4. The title of your book is rather sensational (“the plot to destroy football”). Are there actually people plotting a plan? If so, who are these conspirators?
I think we paint a pretty clear picture in the book of what is going on and how football has been targeted. For example, with the recent proposed legislation to ban youth tackle football in California, I found it outrageous that if the bill would have passed, an 8 year old in California wouldn't be able to play football, but could box or fight in MMA--sports designed to target the head. If this bill was really about brain health in kids, the coverage would encompass all areas of potential brain injury in all sports—not just football. The PR campaign accompanying the public release of the various CTE studies intentionally generate undue fear in parents and in the general public. The PR has intentionally tried to definitively link youth football to subsequent CTE-- and there is no scientific evidence of that. And for scientists involved in CTE research, who mind you, have no training, certification, or experience in youth football, to call out the sport for not responding is deceptive-- it's one of the reasons why I did become certified and I started to coach both flag and tackle and I would argue that no other youth sport has made a more radical transformation than youth football in response to safety concerns; I know this because I coach!
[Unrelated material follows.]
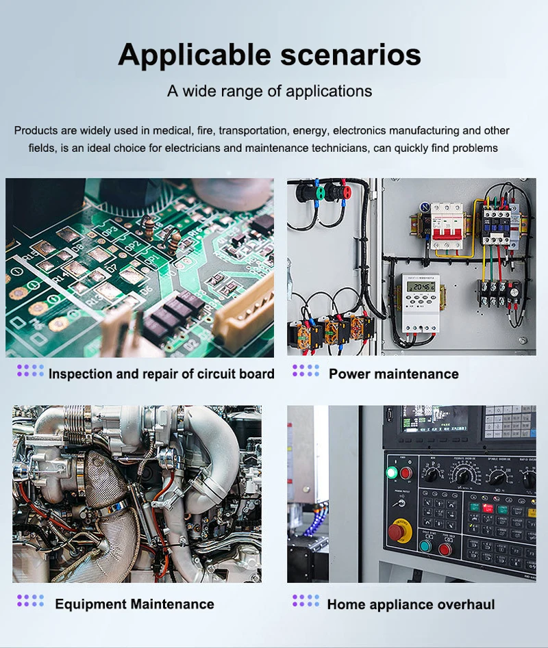【Amplias aplicaciones】: se puede utilizar para inspección y mantenimiento de placas de circuito, mantenimiento de fuentes de alimentación, mantenimiento de equipos electrónicos, revisión de electrodomésticos, es una opción ideal para técnicos de electrónica y mantenimiento.
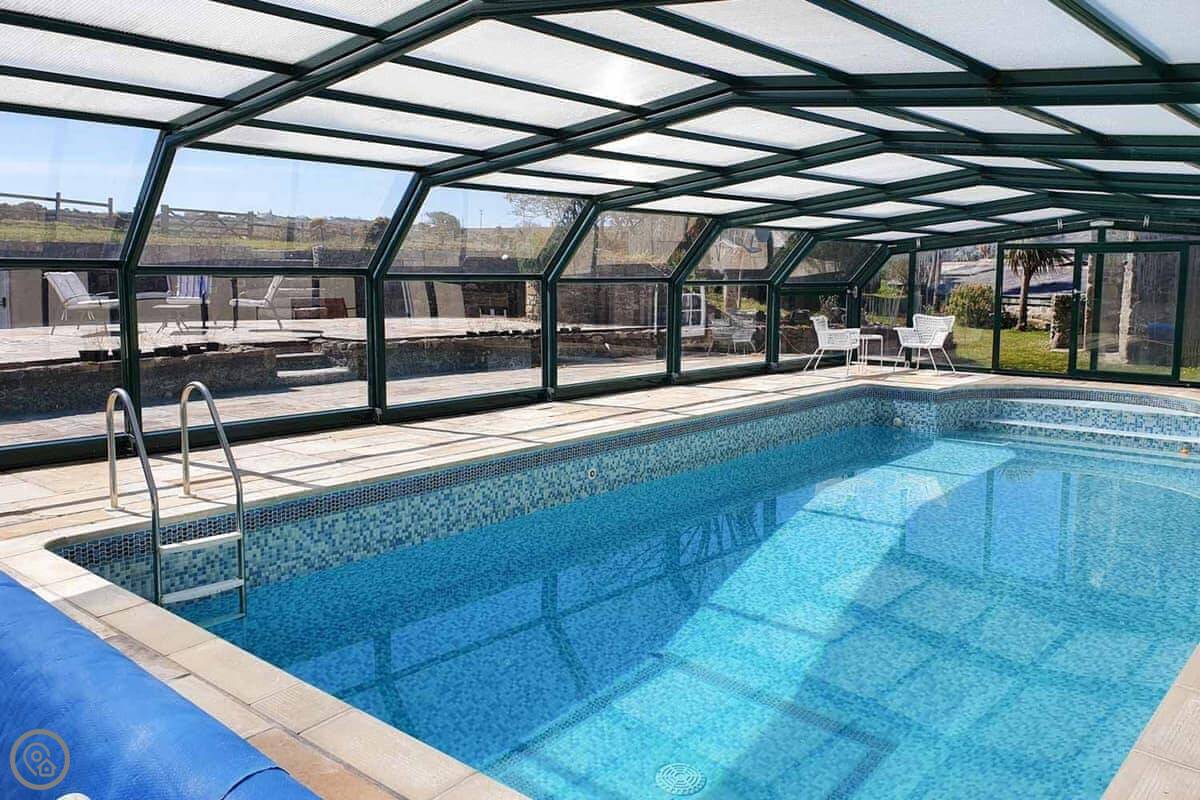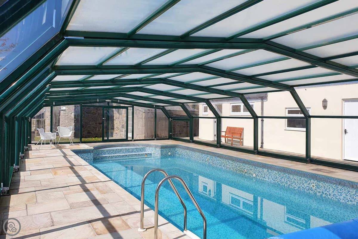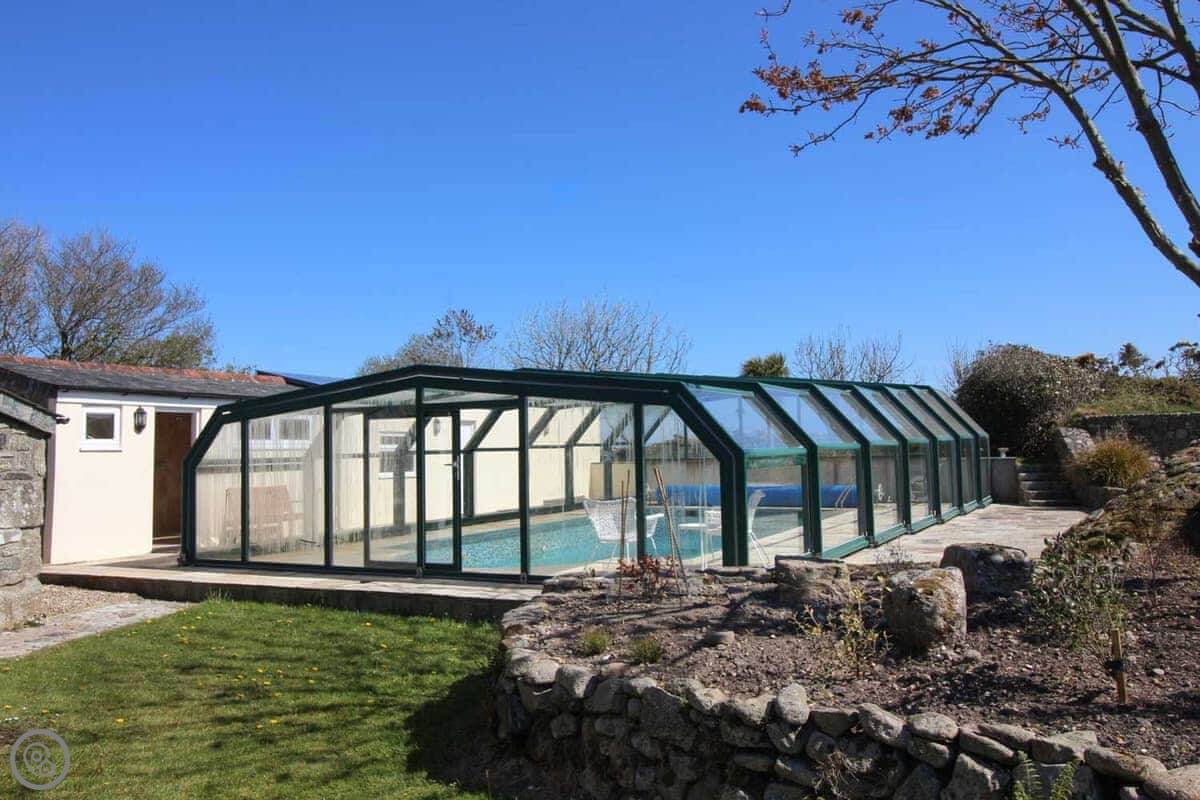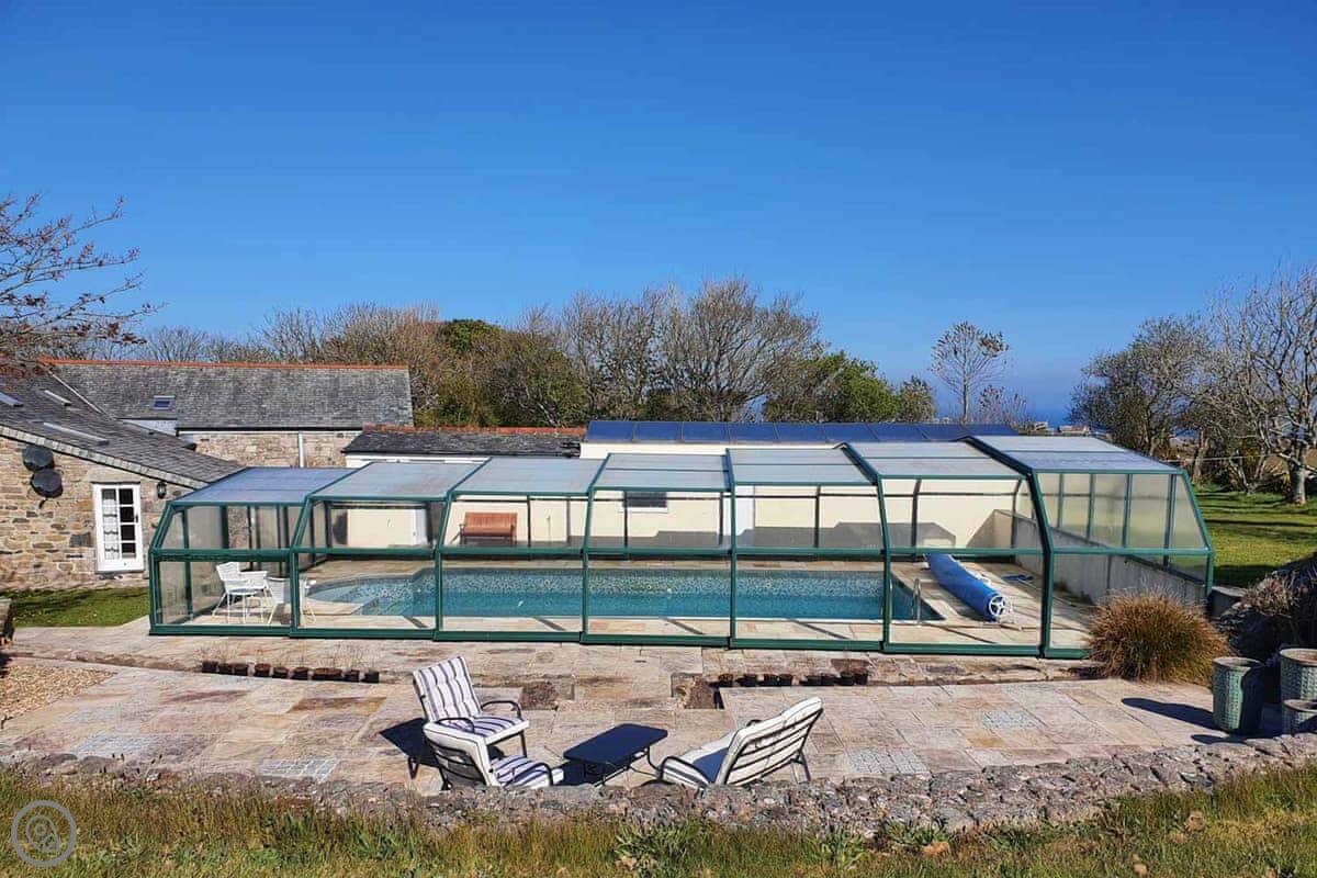 Outside, there's a garden with a little stream running through it, a patio, and a BBQ. You also get use of a shared, covered swimming pool. It's heated and available from the beginning of June to the beginning of September.

Another example from the book is how some at BU have tried to silence me and discredit my opinions.
In the end "Brainwashed" is a very optimistic book full of hope and information which we hope will empower people. We wrote it as two dads asking the same questions a lot of other parents are asking and I think people who read the book will see that and realize it’s our journey for the truth for our own kids. In the end, we really hope people will have more information and be in a better position to make an informed decision as to whether or not a particular sport is right for their family.